I’m sitting on my balcony right now watching the landscaping crew put mulch down. It’s a beautiful day out, actually a little cold, but I am typically out here on this balcony with the camera and a pad and pen or in this case today, the laptop.
Going through some recent photos of a trip to the UK with my daughter, I came upon this picture of a food truck along the Thames.
I remember being there and thinking ‘I want one of everything they sell here.’
I was starving, and couldn’t figure out if it was going to be the hotdog deal, or the hot waffles, or a donut or five, and some ice cream.
As I was trying to decide I heard my daughter call me, she was at a food cart behind me ordering food, she ordered for me, fish and chips. I laughed and walked towards her.
London was like that for me. All types of food that I’d like to try, some I did and wished I hadn’t and other meals, they were very similar to anything I could get back home.
Take for instance Chicken Tikka Masala…In three weeks time I’ll be you we had that more than half the time. I don’t know why. It was good, quick, filling, it just worked. My daughter isn’t a foodie. I’m not certain if I am. She’s more of a ‘food is for sustenance’ person and not a social eater. Me, food is always a party.

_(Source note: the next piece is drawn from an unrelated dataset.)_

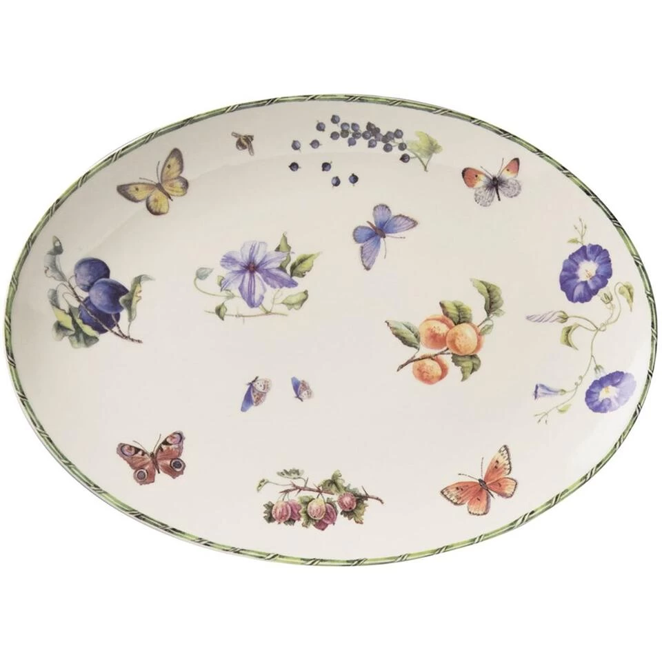 Deze schaal is onderdeel van het Fruit amp Flowers-servies van Janneke Brinkman-Salentijn. Haar kleurrijke en natuurgetrouwe illustraties zijn zo prachtig geschilderd, dat het bijna zonde is om het ovale schaaltje te gebruiken. We begrijpen het daarom volkomen als je deze gewoon als eyecatcher in je servieskast zet.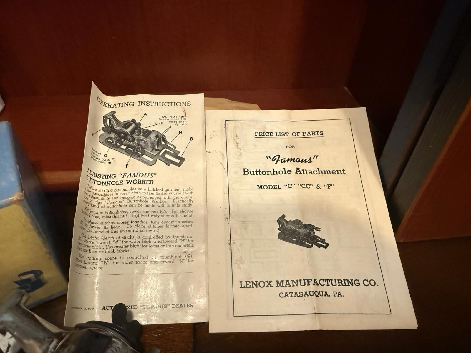 Famous Buttonhole Worker 50th anniversary edition 1940’s sewing machine accessories in box great condition with all accessories & parts

I turned around and snapped this photo before I walked away. I figured I could always return here whenever I want with the pic.
Fish and Chips and Chicken Tikka Masala…I’m pretty certain that covered it for me in the UK, and of course tea and biscuits or some sort. We had tea everyday, which was pretty cool to take time out and relax, and drink tea.
We were drinking the tea one day and suddenly a fist fight broke out in front of the store. Yeah, two well dressed men starting throwing hands at each other.
“You think it was the tea?” I asked my daughter.
“I think it’s possibly what they may have put in the tea, Dad,” she said.
Down on the ground they went.
“That big guy is slow with the fists,” I said.
“He’s leaving his left open, oh, there is was, that had to hurt,” I continued.
“You wanna play you’re gonna pay,” I said ‘Look at that tear on his knee. Ouch,’ I grinned. ‘Do we have to pay extra for this?’ I said. My daughter shaking her head at me.
In no time they were on their feet, hugging each other, sloppy drunk I guessed, they’d pay for it the next morning with the pains they’d both feel, I was certain.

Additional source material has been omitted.